Well, Rome failed because they run out of money while the project weren't finished yet. While Vite+ seems to have most of the things done already, so I'd consider it a success for now, what is left to see if that the companies using Vite already are willing to pay for Vite+.
Rome also failed because it was attempting to build everything (transpiler/bundler/linter/etc) from scratch.
It was also unfortunately timed. When they started they were competing against webpack, but right around the start of the project compilers written in more performant languages like ESBuld and SWC start to take off and out compete Rome before it even got off the ground.
TIming was hardly an issue since they didn't produce anything important. moreover, their first focus was on formatter, which can be as low priority for any dev as it gets.
Even Vite+ is focused on vite and rolldown first, and formatter last.
Sure, but a large part of why they never managed to produce anything useful is because SWC/ESBuild basically made the whole Rome architecture obsolete and killed all momentum around the project before they got anywhere.
what has SWC has to do with thier success or failure for Rome?
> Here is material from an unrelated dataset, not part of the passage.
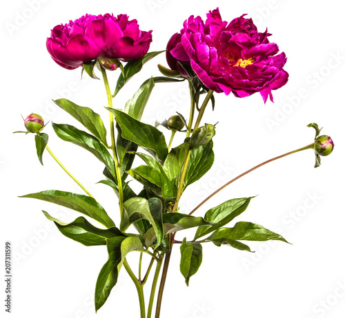 Multiple red peony flower isolated on white background

Rome was VC funded, afaik, turbopack still persists despite it being effectively obsolete with vite
Rome was going to be a whole toolchain built completely in Javascript. That was why they started with linting and formatting because they first had to implement the Javascript language parser and AST that was going to be the core of Rome. Linting and formatting was two easy things to start with while the ironed out the parser and AST implementation.
But when SWC/Esbuild came around to prove how much faster and efficient the compilation can be when written in a more performant language like Rust or Go, all hype around Rome died because no one wanted another Javascript toolchain.
Turbopack is backed by Vercel who obviously have a lot more capital behind them, but it's also built on Rust and at least has the potential to compete.